INSTRUCTIONS TO FOLLOW: Copy each record exactly and skip its pictures.

(Recorded data)

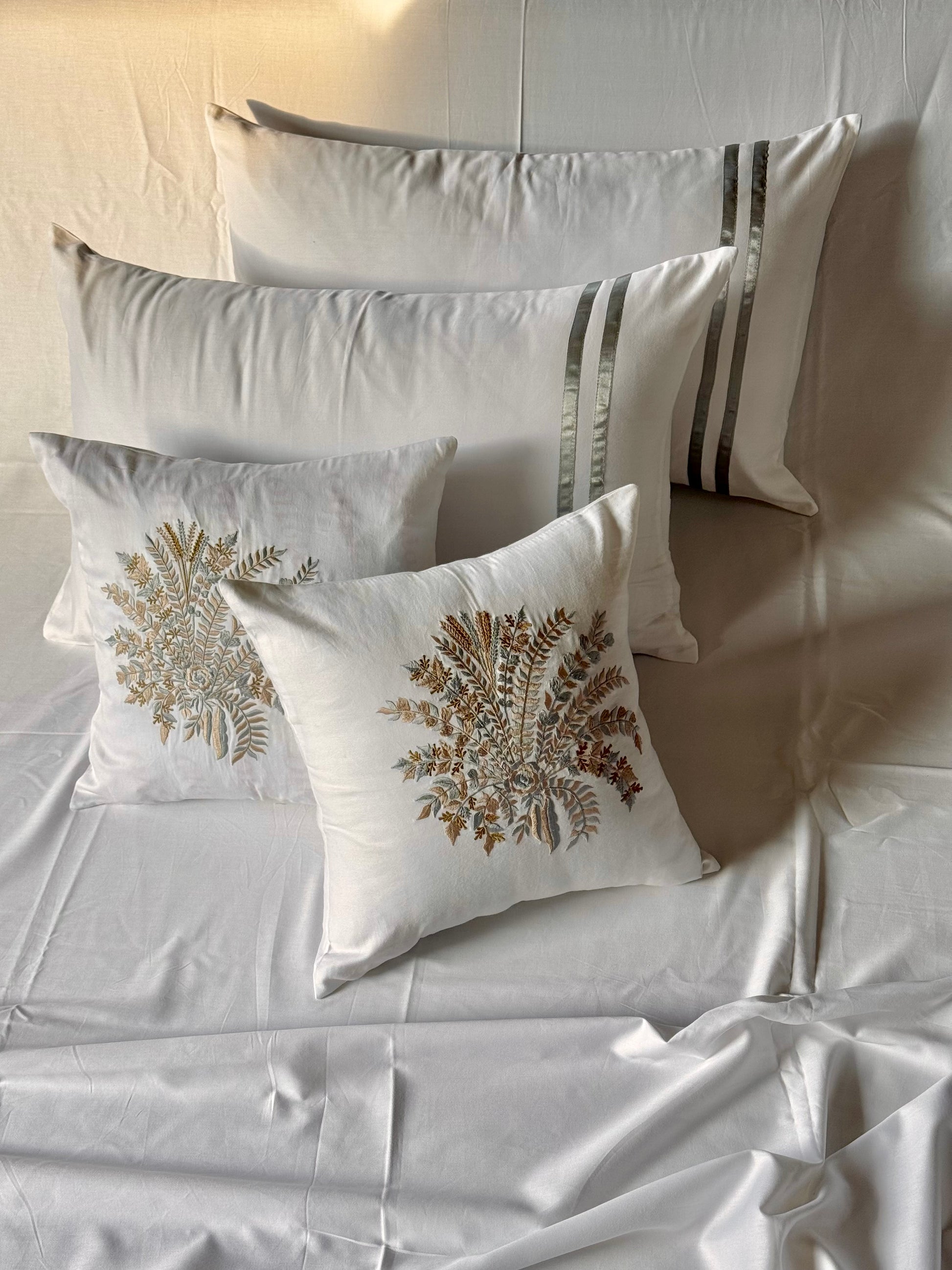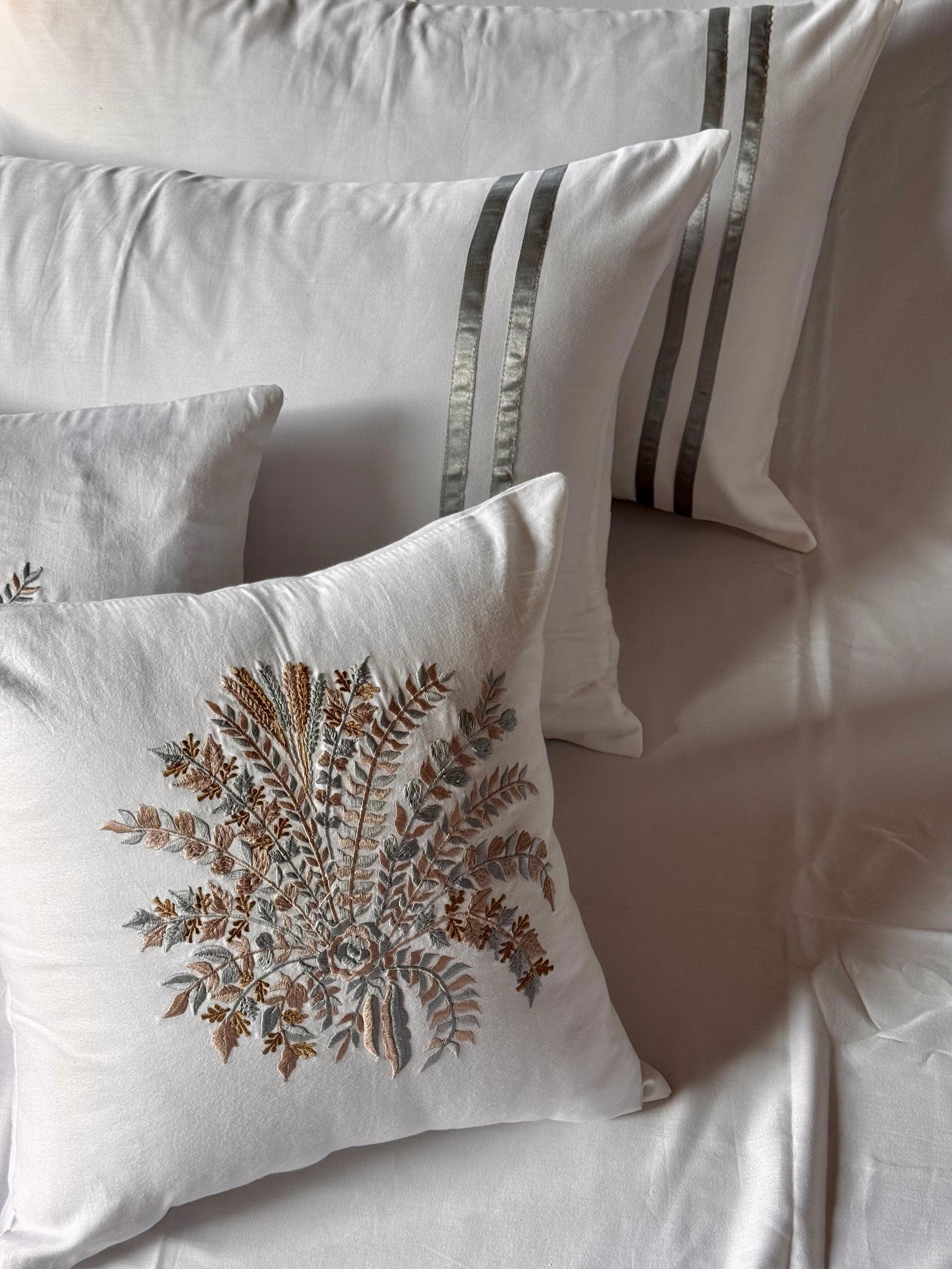 The set is beautifully accented with delicately embroidered cushion covers, adding a subtle touch of elegance and texture. Perfect for those who appreciate simplicity with a hint of sophistication.
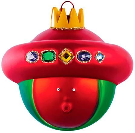 Kolorowa bombka z dmuchanego szka, zaprojektowana na ksztat gowy biblijnego krla Baltazara kojarzonego z betlejemsk szopk. Zabawna stylistyka (z wielkim, czerwonym nakryciem gowy, zot koron i zielon otoczk) oraz dua porcja poczucia humoru, tworz cao, ktra na choince prezentuje si wymienicie. Czas na tradycyjne dekoracje i klimat Wigilii sprzed lat. Bombka jest dekorowana rcznie. witeczne ozdoby woskiej marki A di Alessi to przede wszystkim szalestwo barw, ktre sprawia, e zimowe wita Boego Narodzenia nabieraj niepowtarzalnej magii. Wielki design!
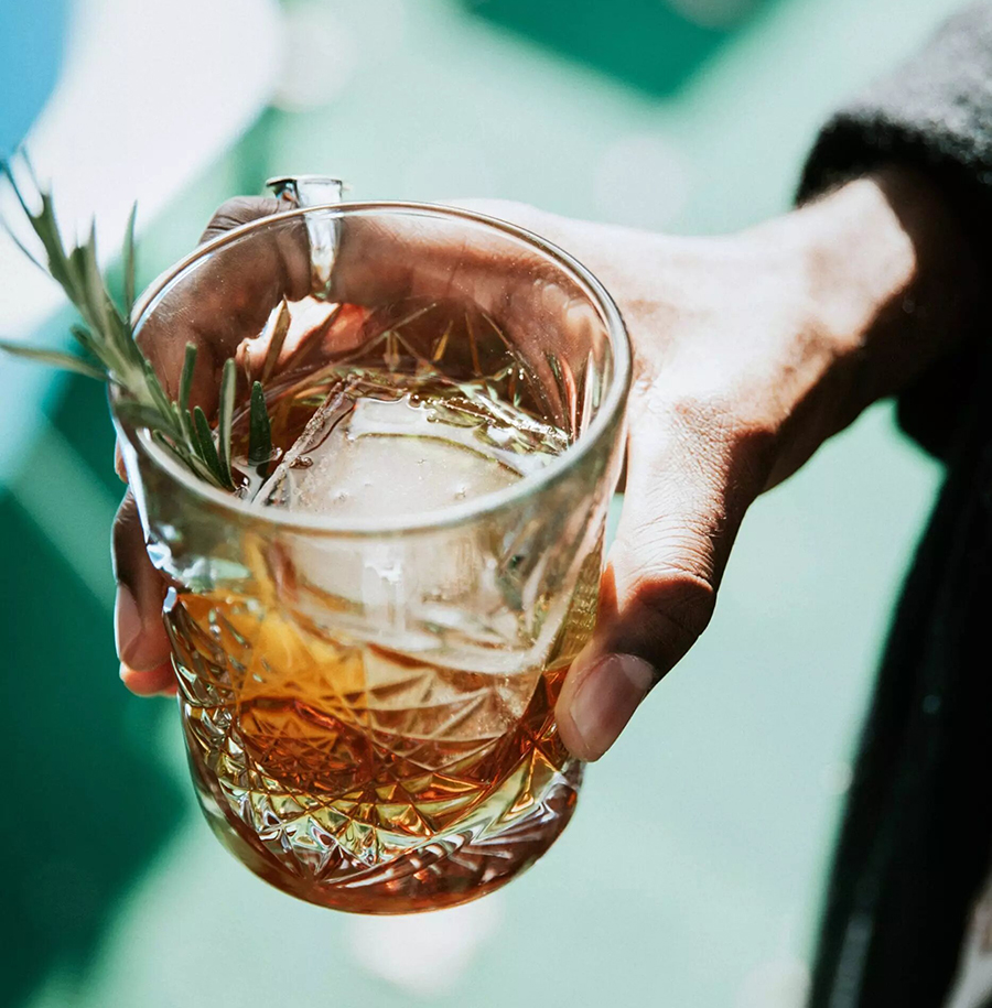 Все ингредиенты нужно смешать в стакане со льдом, а затем — процедить в рокс с большим кубиком льда и украсить цедрой апельсина с веточкой розмарина.
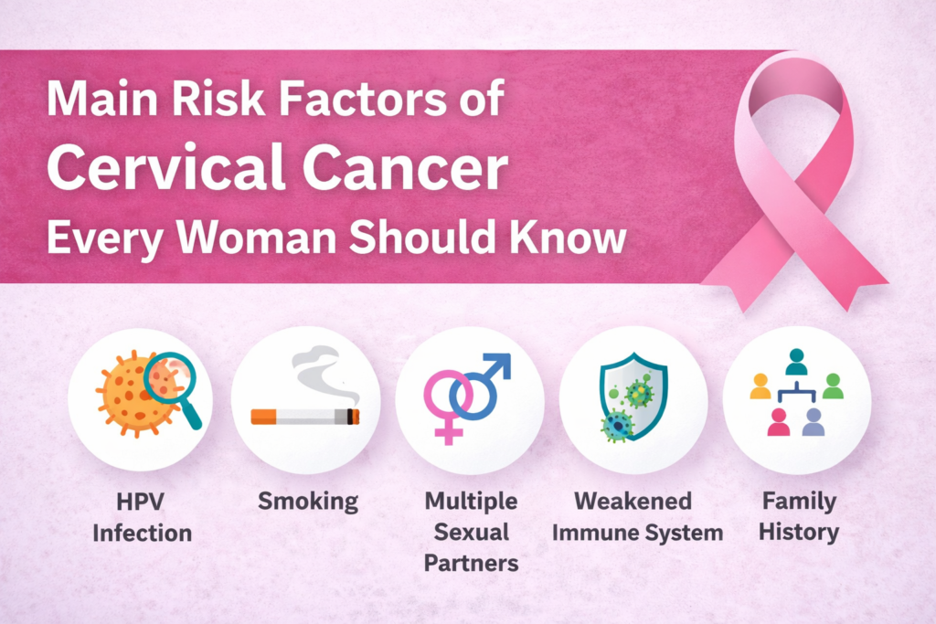 Cervical cancer mainly cervix ane part lo develop avutundi. Idi uterus ki kindha unna narrow part. Ee area chala sensitive kabatti, small negligence kuda long term lo big problem ga marochu. Lifestyle, sexual habits, infections, health conditions anni kalisi risk factors of cervical cancer ni gradual ga increase chestayi.
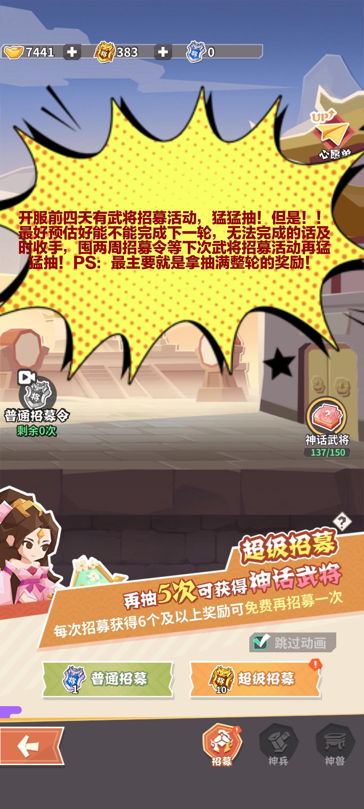 #勇敢幻想 #游戏攻略🥰🥰🥰刚进服的主公大大!这份老玩家踩过的血泪教训,帮你把资源用在刀刃上👇 PS:论坛以及有很多大大分享的新手流程➕阵容推荐之类了,就给大家整理了一下入坑到现在踩过了一些坑,希望能对您有所帮助✅ 一、招募活动猛冲但别上头 开服前四天的武将招募活动可以猛抽,但一定要算好次数!如果凑不齐一整轮就及时收手,把招募令囤两周等下次武将招募活动再梭哈

RESPONSE FOR THIS EXERCISE:
 The set is beautifully accented with delicately embroidered cushion covers, adding a subtle touch of elegance and texture. Perfect for those who appreciate simplicity with a hint of sophistication.
 Kolorowa bombka z dmuchanego szka, zaprojektowana na ksztat gowy biblijnego krla Baltazara kojarzonego z betlejemsk szopk. Zabawna stylistyka (z wielkim, czerwonym nakryciem gowy, zot koron i zielon otoczk) oraz dua porcja poczucia humoru, tworz cao, ktra na choince prezentuje si wymienicie. Czas na tradycyjne dekoracje i klimat Wigilii sprzed lat. Bombka jest dekorowana rcznie. witeczne ozdoby woskiej marki A di Alessi to przede wszystkim szalestwo barw, ktre sprawia, e zimowe wita Boego Narodzenia nabieraj niepowtarzalnej magii. Wielki design!
 Все ингредиенты нужно смешать в стакане со льдом, а затем — процедить в рокс с большим кубиком льда и украсить цедрой апельсина с веточкой розмарина.
 Cervical cancer mainly cervix ane part lo develop avutundi. Idi uterus ki kindha unna narrow part. Ee area chala sensitive kabatti, small negligence kuda long term lo big problem ga marochu. Lifestyle, sexual habits, infections, health conditions anni kalisi risk factors of cervical cancer ni gradual ga increase chestayi.
 #勇敢幻想 #游戏攻略🥰🥰🥰刚进服的主公大大!这份老玩家踩过的血泪教训,帮你把资源用在刀刃上👇 PS:论坛以及有很多大大分享的新手流程➕阵容推荐之类了,就给大家整理了一下入坑到现在踩过了一些坑,希望能对您有所帮助✅ 一、招募活动猛冲但别上头 开服前四天的武将招募活动可以猛抽,但一定要算好次数!如果凑不齐一整轮就及时收手,把招募令囤两周等下次武将招募活动再梭哈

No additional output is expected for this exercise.